- **What is expected**: Go through the entries below and print, exactly, the lines starting at the one with "悪いもの(鬼)を追い払い,良" and ending at the one with "Baku is easily", keeping both ends and no others.

- **Provided material**:
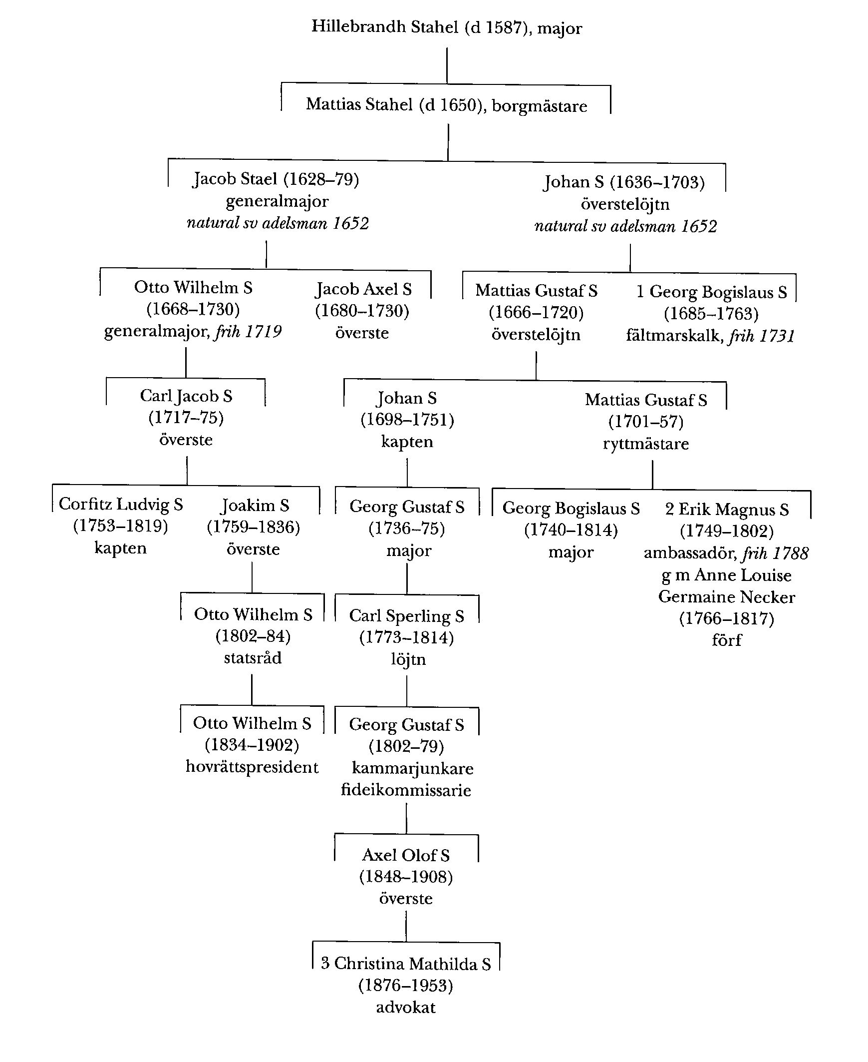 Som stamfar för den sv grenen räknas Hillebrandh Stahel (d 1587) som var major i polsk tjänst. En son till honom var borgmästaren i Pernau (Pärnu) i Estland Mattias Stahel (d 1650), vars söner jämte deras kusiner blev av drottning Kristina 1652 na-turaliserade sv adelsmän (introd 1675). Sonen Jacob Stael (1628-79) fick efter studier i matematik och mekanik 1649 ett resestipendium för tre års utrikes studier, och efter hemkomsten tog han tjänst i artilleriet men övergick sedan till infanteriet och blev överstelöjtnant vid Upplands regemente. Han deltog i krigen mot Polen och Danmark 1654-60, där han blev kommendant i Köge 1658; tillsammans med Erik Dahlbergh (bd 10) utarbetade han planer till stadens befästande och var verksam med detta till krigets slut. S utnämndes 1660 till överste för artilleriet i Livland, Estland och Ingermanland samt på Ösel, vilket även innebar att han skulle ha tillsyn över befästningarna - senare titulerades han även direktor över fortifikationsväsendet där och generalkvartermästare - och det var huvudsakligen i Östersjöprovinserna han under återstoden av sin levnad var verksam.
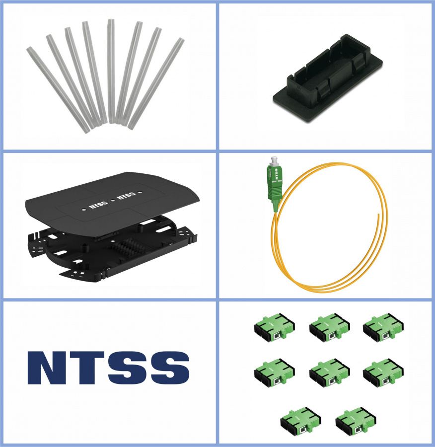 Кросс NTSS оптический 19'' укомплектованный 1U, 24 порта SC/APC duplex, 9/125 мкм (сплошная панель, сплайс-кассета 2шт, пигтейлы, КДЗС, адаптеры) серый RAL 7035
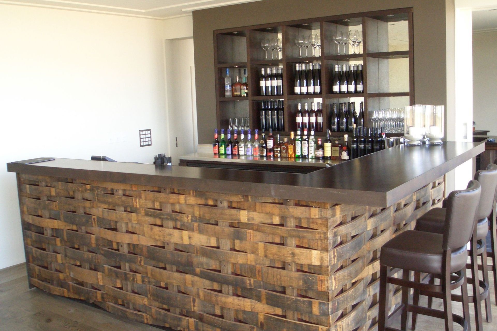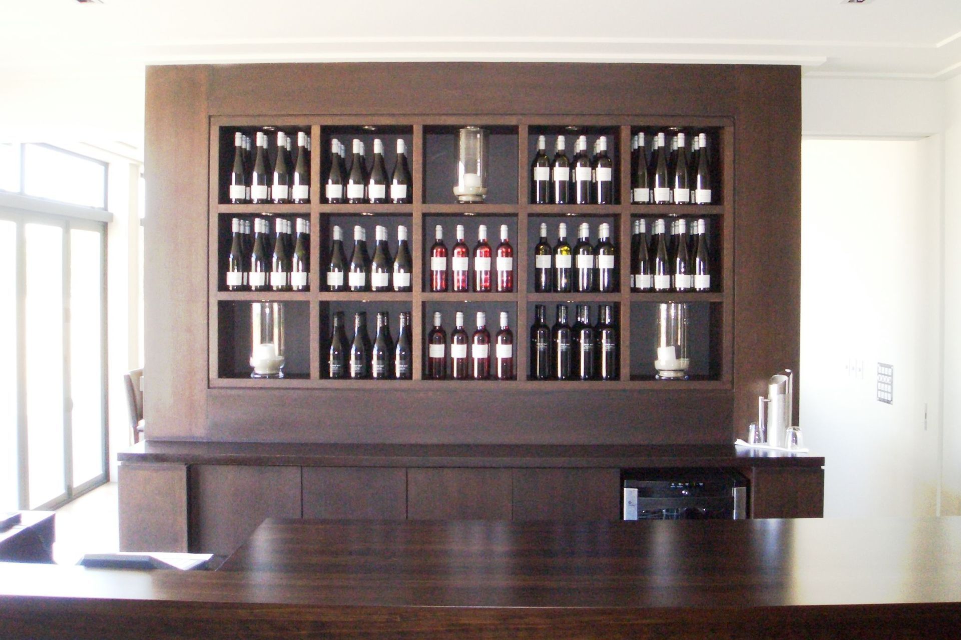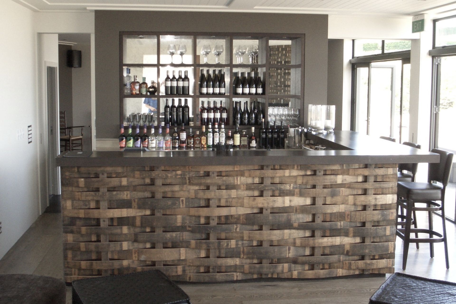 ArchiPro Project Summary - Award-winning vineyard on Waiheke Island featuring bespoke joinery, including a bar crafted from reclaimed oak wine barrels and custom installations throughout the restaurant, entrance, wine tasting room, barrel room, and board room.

...

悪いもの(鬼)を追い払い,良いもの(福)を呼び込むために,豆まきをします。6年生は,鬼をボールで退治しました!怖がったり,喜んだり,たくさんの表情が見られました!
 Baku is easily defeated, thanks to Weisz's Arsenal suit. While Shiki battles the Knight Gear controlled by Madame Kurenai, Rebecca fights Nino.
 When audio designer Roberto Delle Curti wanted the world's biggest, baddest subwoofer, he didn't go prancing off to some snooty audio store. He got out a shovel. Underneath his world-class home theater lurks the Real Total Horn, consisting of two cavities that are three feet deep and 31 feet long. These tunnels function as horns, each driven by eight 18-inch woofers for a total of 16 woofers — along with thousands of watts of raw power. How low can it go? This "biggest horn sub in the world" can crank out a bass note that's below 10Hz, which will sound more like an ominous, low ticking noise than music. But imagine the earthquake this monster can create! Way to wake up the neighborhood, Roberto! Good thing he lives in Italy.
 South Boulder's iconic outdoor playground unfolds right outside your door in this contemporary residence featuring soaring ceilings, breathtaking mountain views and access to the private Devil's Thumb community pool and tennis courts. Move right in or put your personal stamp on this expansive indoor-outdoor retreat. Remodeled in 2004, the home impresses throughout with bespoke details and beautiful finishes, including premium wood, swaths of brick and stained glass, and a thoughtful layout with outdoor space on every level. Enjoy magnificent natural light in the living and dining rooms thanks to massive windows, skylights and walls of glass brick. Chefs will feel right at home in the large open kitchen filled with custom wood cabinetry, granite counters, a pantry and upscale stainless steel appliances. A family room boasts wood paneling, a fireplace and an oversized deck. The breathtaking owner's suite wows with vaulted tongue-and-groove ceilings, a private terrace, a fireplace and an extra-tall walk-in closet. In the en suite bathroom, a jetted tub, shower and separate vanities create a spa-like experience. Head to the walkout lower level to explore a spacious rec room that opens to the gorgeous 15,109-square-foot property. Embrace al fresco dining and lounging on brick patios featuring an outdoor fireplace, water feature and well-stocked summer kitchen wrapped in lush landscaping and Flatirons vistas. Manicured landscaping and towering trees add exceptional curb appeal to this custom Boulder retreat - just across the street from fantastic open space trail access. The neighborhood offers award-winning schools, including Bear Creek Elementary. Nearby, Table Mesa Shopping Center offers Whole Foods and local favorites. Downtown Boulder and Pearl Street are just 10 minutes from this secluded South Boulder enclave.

...

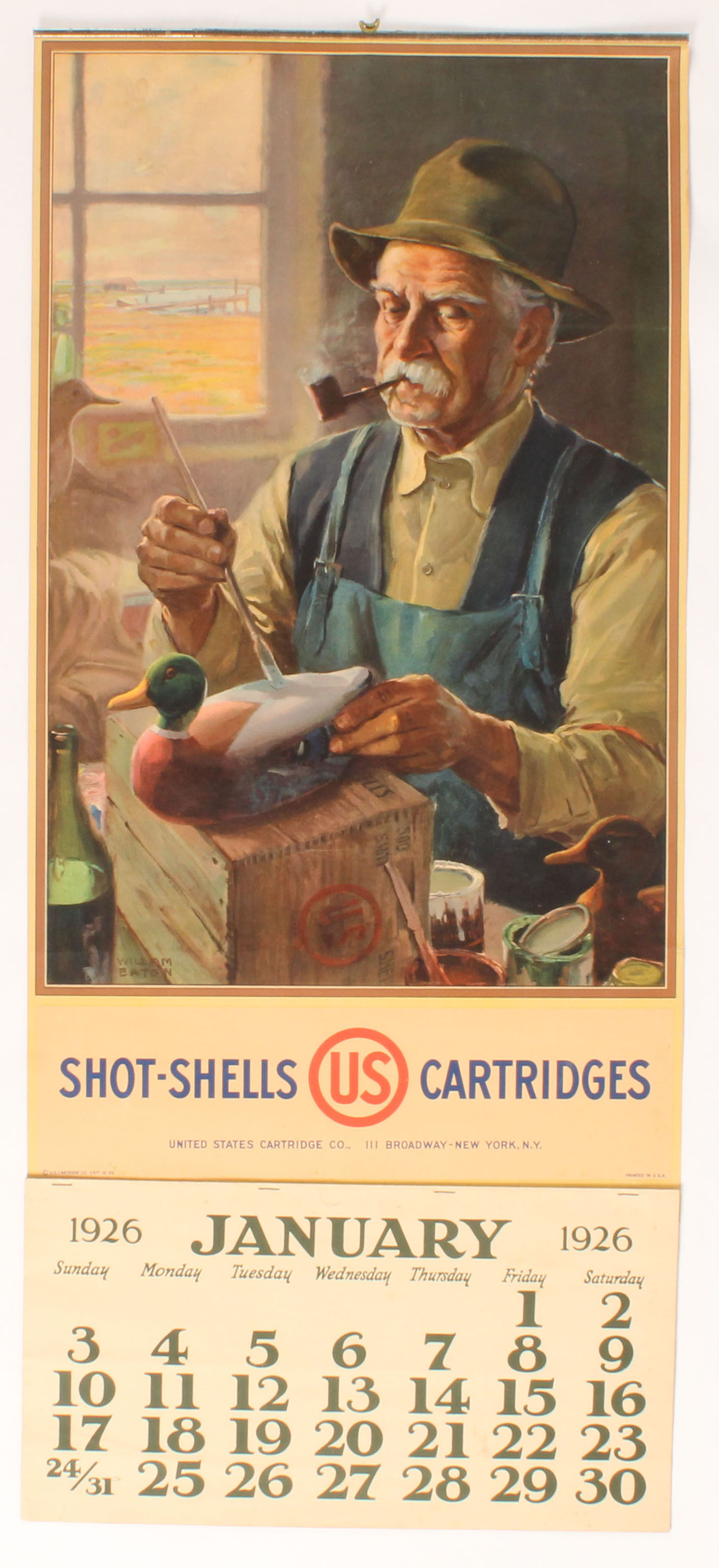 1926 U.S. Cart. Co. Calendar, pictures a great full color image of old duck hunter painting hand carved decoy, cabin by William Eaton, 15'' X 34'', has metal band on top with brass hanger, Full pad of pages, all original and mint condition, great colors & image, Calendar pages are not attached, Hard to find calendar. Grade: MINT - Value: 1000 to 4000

- **Written answer**:
悪いもの(鬼)を追い払い,良いもの(福)を呼び込むために,豆まきをします。6年生は,鬼をボールで退治しました!怖がったり,喜んだり,たくさんの表情が見られました!
 Baku is easily defeated, thanks to Weisz's Arsenal suit. While Shiki battles the Knight Gear controlled by Madame Kurenai, Rebecca fights Nino.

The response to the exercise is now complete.